Why don't you give it a try & let us know how it turns out. I have thought of trying it before, but like Mark said they are so juicy without the brine I never bothered.


----------



## tiny-g-n-kc

Thanks Al!  I always appreciate your in-put. Over the summer you gave me information on the stuffed pork loin, & now i see you have a link. I did everything the same, except i didn't pre-cook the sausage or use onion, &  garlic, & it came out pretty amazing.  I took some to work & wowed people. I'm even smoking one for someone at work while i'm doing the pork-butt. Now that i see your link it can only get better.


----------



## petewoody

In many parts of the world this is known as pickled pork and is readily available at the butcher's dept. or shop.

Growing up in Australia, pickled pork was always a part of our Christmas dinner and I understand from my family still in Australia, pickled pork is readily available.

I often obtain a 3 or 4 pound shoulder roast and make a wet brine and brine the shoulder for around 7 days depending on the weight/thickness et al.

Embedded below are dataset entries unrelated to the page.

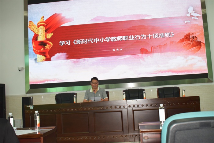 王劍勤副校長為全體教師深度解讀《新時代中小學教師職業行為十項準則》。王副校長要求全體教師要認真學習、貫徹、落實好準則精神,并以此為準則,規范教師職業行為,明確教師道德底線,維護教師職業形象,爭做新時代的“四有”好教師。
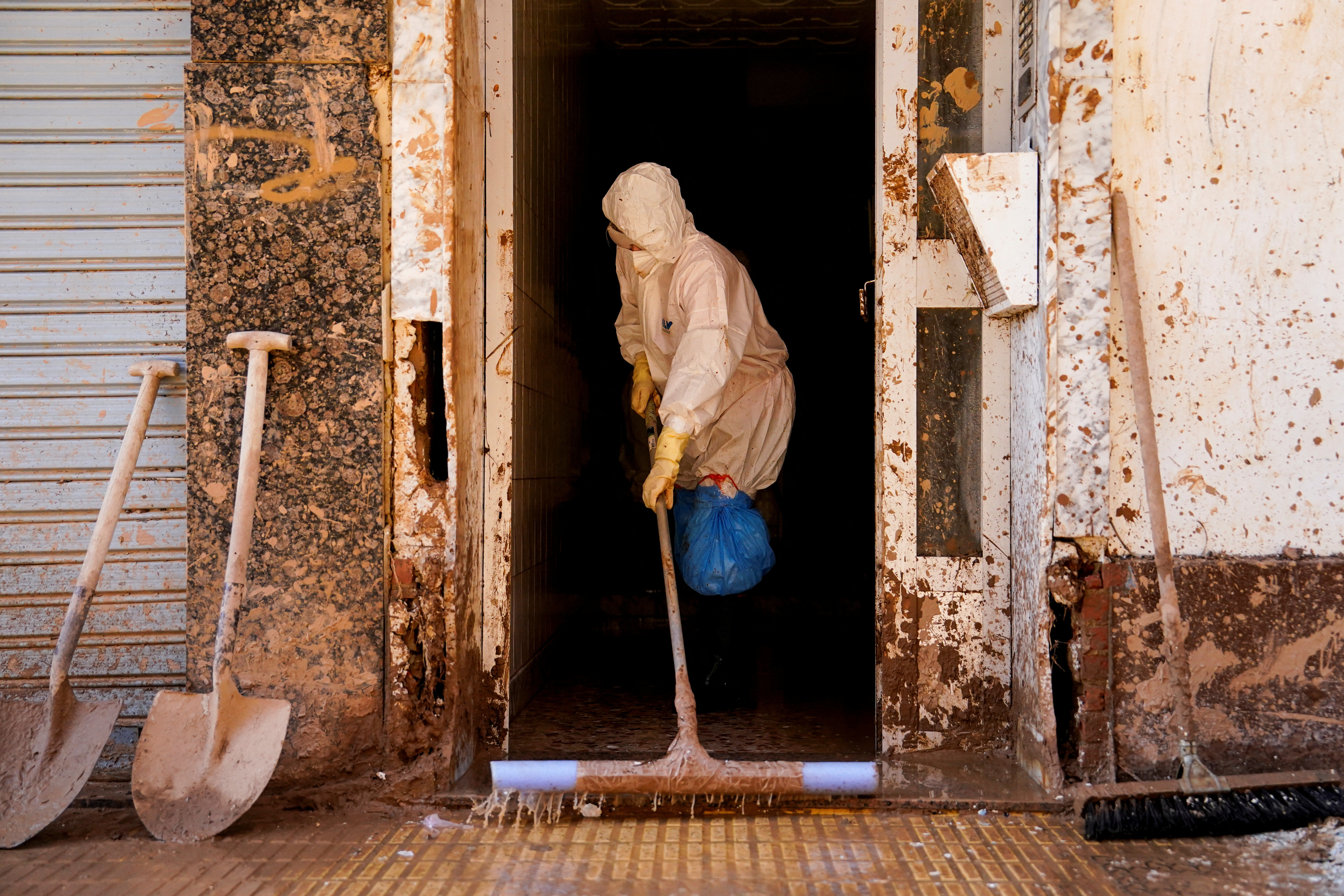 数千名工人正在清理建筑物,同时清除积聚在道路和人行道上的泥土,这些泥土堵塞了瓦伦西亚城市和郊区的排水管道和排水口。
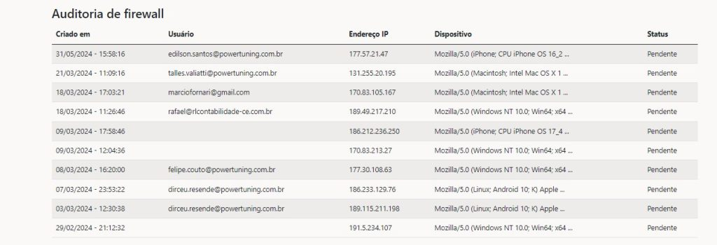 Every time a request arrives from an IP address that has been blocked or not by the Firewall, the administrator can access this history.
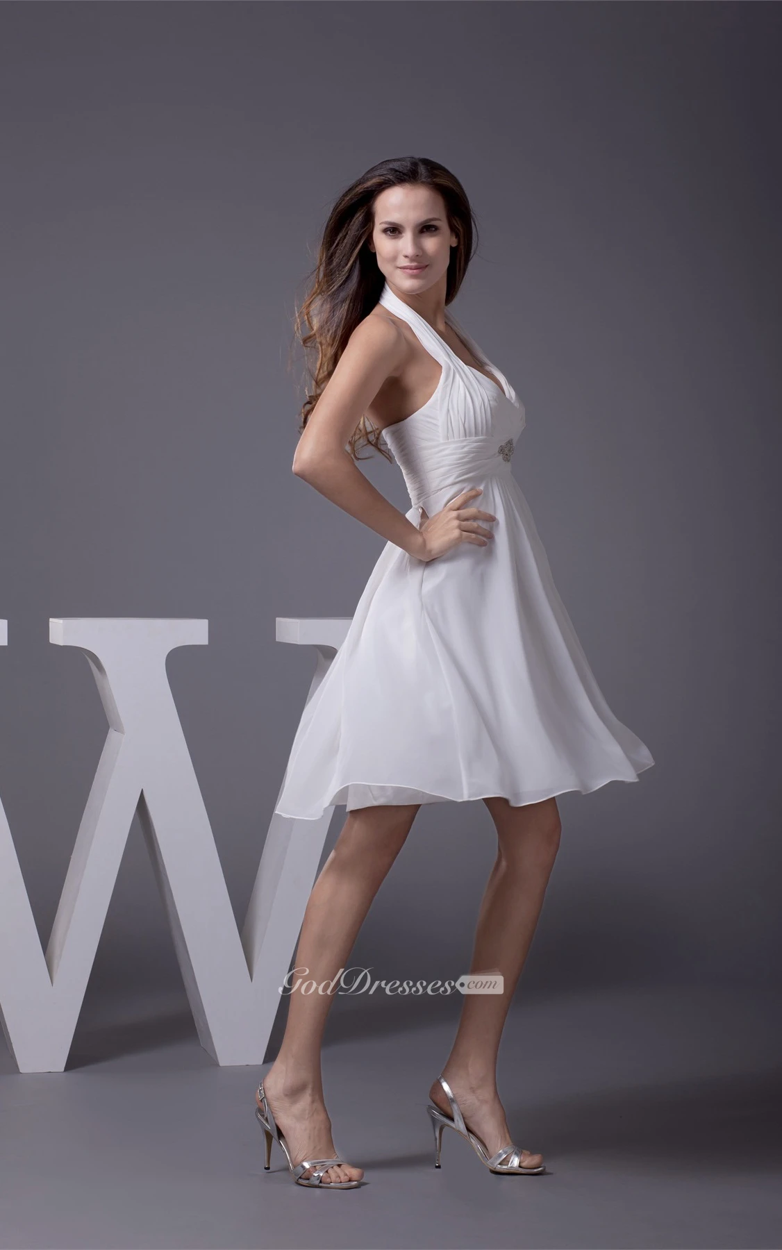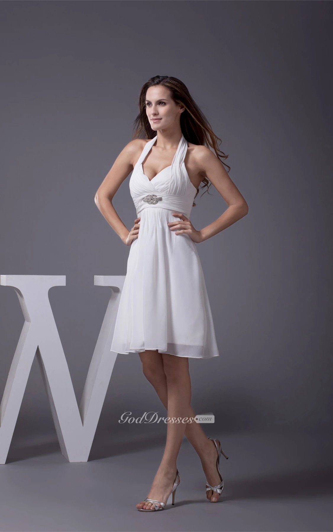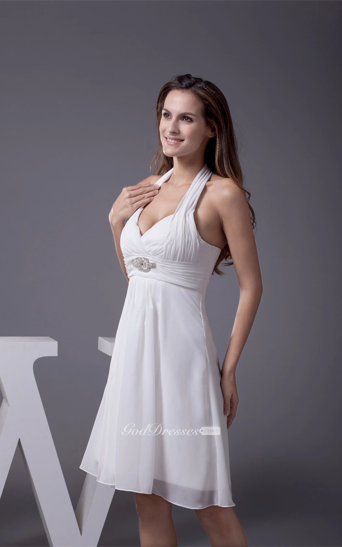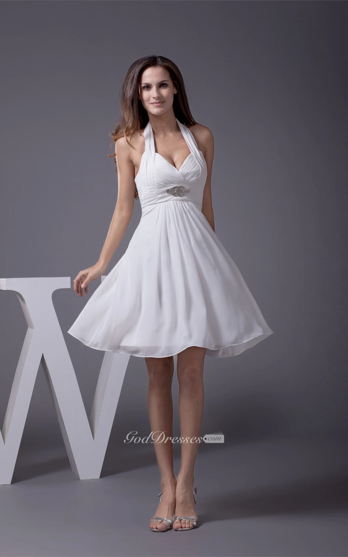Knee Length Sleeveless Halter A-Line Dress With Ruching and Beadings

After rinsing, I smoke (apple and oak) until it reaches 160 degrees. We eat hot and slice the remainder for use in sandwiches.


----------



## rbranstner

Are you going to use your buddies method? Care to elaborate on that method a bit?


----------



## marengobill

Petewoody what recipe do you use for your wet pork brine? The method your talking about pickling or brining is the way the old German's I used to do Pork when I was growing up. Have been looking for the brine recipe for a long time.


----------



## ribcage

My brother and I have brined and smoked a few pork shoulders. Brining is great. i usally use a half cup kosher salt half cup light brown sugar with bay leaves ground pepper 1/2 tblsp 1 tblsp cayenne pepper one 12oz. beer good micro brew two oranges sliced with peel on.a sprig of rosemarry off the stem,For the brine add 2 cups boiling water mixing into the salt/sugar/herb bath to dissolve add 1&1/2 trays ice cubes to chill, add shoulder to a 8cup of water bath to fill mix well refrigerate for 24hrs. this includes the 2 cups of boiling water that was chilled by ice to equal 10 cups water. Juicey stuff


----------



## eschlis

Ribcage, tried your brine on a shoulder, EXCELLENT! Shoulder is normally juicy, but the depth of the flavor was excellent with the brine. I didn't use a rub when I smoked the shoulder, this was because I wanted to see how well the brine worked, and it was great. Thanks for sharing. 
Thumbs Up


----------



## marengobill

I brine all my pork for anywhere from 2 days to 7 days. I usually always like to eat the finished smoked pork cold or in a cold pork sandwich. Everyone has their own preference!


----------



## petewoody

Marengobil. I missed your post of 12/30/11. I use a standard brine (Pops et al) of 1 cup salt/3/4 cup brown sugar/1 tablespoon of #1 cure per gallon of water). I have a butt brining at the moment and it will be smoked in about 10 days and I will post some pices.


----------



## eschlis

I should have noted that I think the key is, as always, time.  I brined it for 5 days.  Just my thoughts....


----------



## oldschoolbbq

I never Brine Pork and get thes results:













Betty 004.JPG



__ oldschoolbbq
__ Nov 1, 2012





  consisteng doneness ad ...













holiday for 2012 024.JPG



__ oldschoolbbq
__ Oct 17, 2012





  A clean Bone pull. Juicy too; and no foiling...


----------



## turnandburn

oldschoolbbq said:


> I never Brine Pork and get thes results:
> 
> 
> 
> 
> 
> 
> 
> 
> 
> 
> 
> 
> 
> Betty 004.JPG
> 
> 
> 
> __ oldschoolbbq
> __ Nov 1, 2012
> 
> 
> 
> 
> 
> consisteng doneness ad ...
> 
> 
> 
> 
> 
> 
> 
> 
> 
> 
> 
> 
> 
> holiday for 2012 024.JPG
> 
> 
> 
> __ oldschoolbbq
> __ Oct 17, 2012
> 
> 
> 
> 
> 
> A clean Bone pull. Juicy too; and no foiling...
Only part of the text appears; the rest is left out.